The key objectives of the trial include confirmation of the feasibility of producing patient-specific vaccines, the safety of administering these vaccines, survival from the date of enrollment, PFS from date of enrollment, and survival from the date of diagnostic surgical resection.
The median age of study participants was 59 years and the majority, or 70%, were male. Moreover, 72% were white, 17% were Hispanic, 3% were Black, and 2% were Asian. A little more than half of patients, or 52%, did not have MGMT methylation, while 22% did; for 27% of patients, this information was unknown. Twelve percent of patients had tumors that harbored an IDH mutation. Forty-two percent of patients had a KPS of 90, 28% had a score of 80, 23% had a score of 70, and 7% had a score of 100.
Fifty-seven patients received treatment. Of these patients, 39 received all 8 doses, 2 patients completed 7 doses, 5 received 6 doses, 2 received 4 doses, 5 received 3 doses, and 3 completed 2 doses.

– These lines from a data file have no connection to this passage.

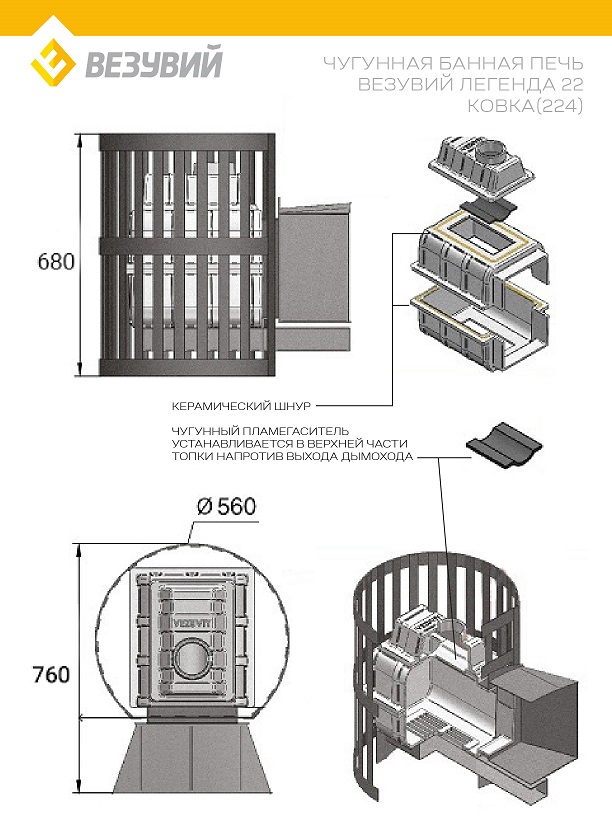 Печь ВЕЗУВИЙ Легенда Ковка 22 (224) диаметр дымохода: 115 мм
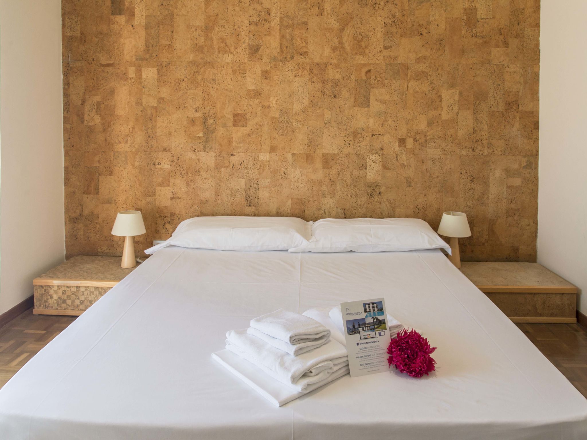 "Monica (RDG140)", 3-Zimmer-Wohnung 45 m2, im Obergeschoss. Zweckmässig eingerichtet: Wohn-/Esszimmer mit Esstisch und Sat-TV. Ausgang zum Balkon. 1 Doppelzimmer. 1 Zimmer mit 1 x 2 Etagenbetten. Kochnische (4 Induktionskochplatten, Wasserkocher, Mikrowelle, elektrische Kaffeemaschine). Dusche/Bidet/WC. G-Heizung. Parkettböden. Balkon. Balkonmöbel. Zur Verfügung: Babybett bis 3 Jahre. Internet (Wireless LAN, gratis).
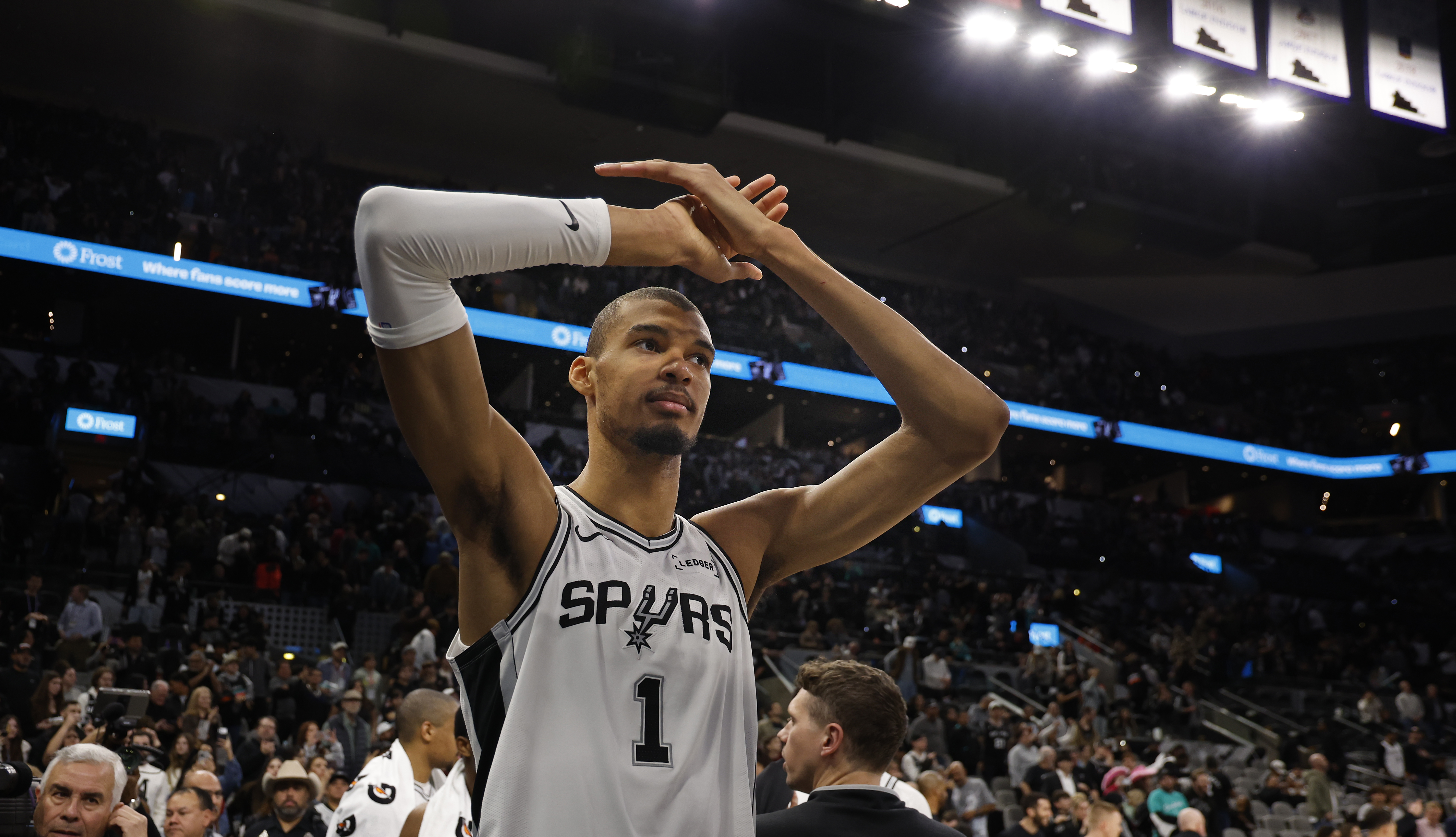 Getty Victor Wembanyama #1 de los San Antonio Spurs celebra una victoria 112-103 contra el Orlando Magic en el Frost Bank Center el 1 de febrero de 2026 en San Antonio, Texas.
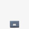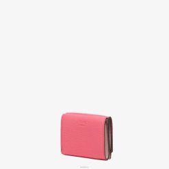 Cartera peekaboo compacta de tres pliegues con gran compartimento interno para billetes y tres tarjeteros ocultos. Monedero externo con icónico cierre giratorio. Confección en piel cuoio romano rosa. forrado en piel rosa claro. Artículos metálicos con acabado en paladio.
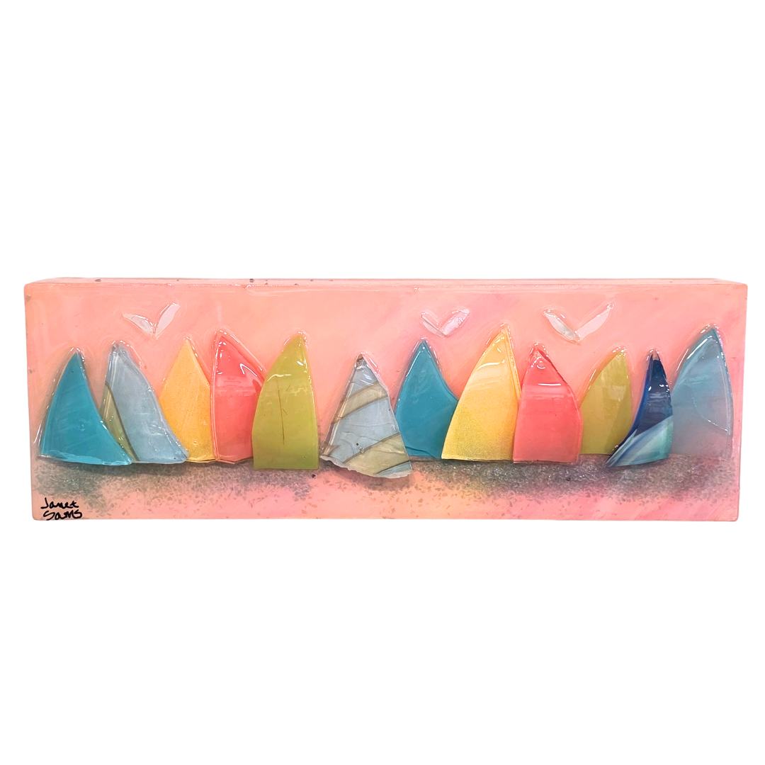 Starting with a hand painted canvas, Florida artist Janet Sams uses reclaimed glass to create her beautiful images. The pieces are then coated in clear resin, both to protect and seal the pieces and to add a glossy, translucent finish to the painted background.

Regarding safety, the vaccine was found to be well tolerated. The most commonly reported toxicity was local injection site reactions. Notably, no study participants stopped treatment because of adverse effects. Fifty-four serious toxicities were observed among 28 patients, although none of these effects were determined to be associated with the vaccine.
Many of these toxicities were related to the central nervous system; 10 patients reported falls and/or focal weakness and 3 experienced headaches and/or cerebral edema. One death was reported; this occurred after 2 injections with the vaccine. The patient fell at home, refused to go to the hospital, and died 2 days later.
“This is a major victory against glioblastoma, a devastating disease that has evaded treatment for far too long,” Hans S. Keirstead, PhD, chairman and chief executive officer of AIVITA, added in the release. “We now have excellent results from phase 2 clinical studies in both melanoma and glioblastoma, underscoring the tremendous potential of this personalized cancer immunotherapy.”
The vaccine is under examination in 3 clinical trials in patients with ovarian cancer, melanoma, and glioblastoma. AIVITA announced that they are working on obtaining a conditional commercial approval in Japan for its melanoma treatment.